"There were also corruption, bureaucracy and absorptive capacity."
Almost all international and individual analysts of the Philippine economy’s below-expectations performance in 2019 have attributed its 5.8-percent GDP (gross domestic product) growth last year to the four-months-late approval of the 2019 GAA (General Appropriations Act by President Rodrigo Duterte. The Chief Executive signed that all-important piece of legislation on April 27, 2019.
A logical interference from the attribution of the disappointing 2019 GDP outcome to the 2019 GAA’s delayed approval is that approximately P400 billion year-on-year in the 2019 GAA have been spent by the government on its economic—chiefly infrastructure—and social projects. Does such an inference accord with the realities on the ground?
I don’t think so. The inference that delayed GAA approval equals around P400 billion (the programmed 2019 government spending total minus the programmed spending total) with the Philippine economy’s physical and administrative realities.
One reality—perhaps the most important of the realities—is corruption. The belief is held widely—even in World Bank and ADB (Asian Development Bank) circles, though discreetly—that corrupt payments to government officials at all levels—account for anywhere from 30 to 40 percent of GAA allotments. These fiscal leakages wind up, for obvious reasons, not as incremental government expenditures on labor hirings and construction materials for bridges and schools, but as additions to private bank accounts. Result? A low multiplier effect, as economists say.
Another factor underlying the disconnect between what is appropriated by the GAA and what is released by DBM (Department of Budget and Management) is, quite simply, the bureaucracy. The time that elapses between the inception of a government project—whether of the economic or social kind—can very often seem like an eternity. Officials of government line departments are wont to say that this or that project is ready to go, but all too often that is not the case. Between inception and release of a DBM special allotment release order (SARO) lots of administrative obstacles—reviews, approvals and signatures—to be overcome. So, how can an additional P400 billion worth of GAA allotments be all spent within four months?

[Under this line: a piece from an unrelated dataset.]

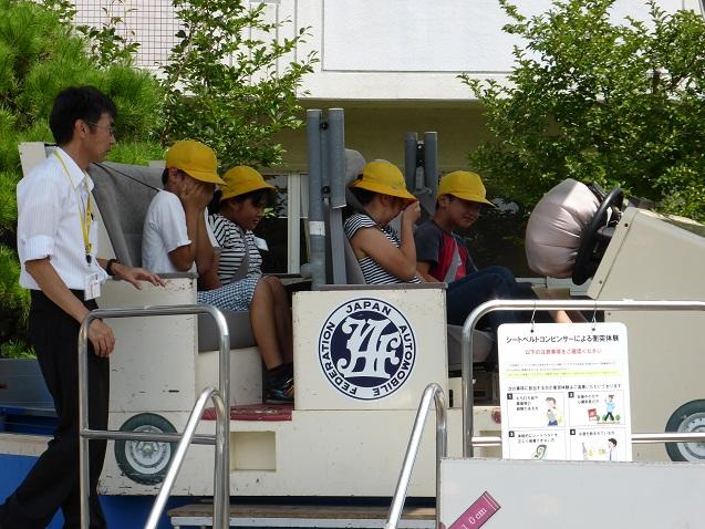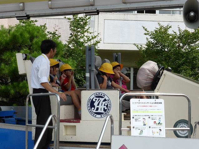 シートベルトコンピンサーでの体験では、時速5kmで急停止した場合の衝撃とシートベルトの重要性を体感しました。体験車に乗車した児童は、シートベルトを迷わす着用しているので、シートベルトを使い慣れていることが伺えました。

Finally, there is the Philippine economy’s absorptive capacity. To be able to absorb an additional P400 billion worth of government spending, the economy should have installed a commensurate amount of absorptive capacity of both the physical and the administrative kind. It clearly did not do that. The recurrent underspending by the government line departments surely attests to their incapacity to quickly absorb large increases in the resources allocated to them by the GAA. It was not the delayed 2019 GAA approval that was responsible for the economy’s comparatively low take-up of the government’s higher spending capacity; underspending has been a recurrent feature of the fiscal landscape in recent years. Underspending took place in the “normal’ GAA years of 2017 and 2018.
Of course, there can be no disputing that the 90-day election ban on government spending was a major factor in the Philippine economy’s less-than-6-percent growth in a spending program’s life. The law on election-year government spending probably needs a revisit.
But was Secretary of Socio-Economic Planning Ernesto Pernia on solid ground when he estimated that “a full percentage point (of a growth) was lost because of the delay in the passage of the Budget (and said that) “we could have hit close to, if not smack into, 7 percent”? I don’t think so.
Given its performance in recent years, the Philippine economy almost certainly could have achieved higher-than-6-percent GDP growth in 2019. But “close to, if not smack into, 7 percent” growth? Probably not. The operational-environment factors discussed above—corruption, bureaucracy and absorptive capacity—would have militated against such a performance by the economy.
The four-month delay in the approval of the 2019 GAA definitely was a major factor in the lower-than-expected growth in last year’s GDP. But it was only one factor, albeit a major one. Other factors, including the ones discussed here, need to be held partly responsible.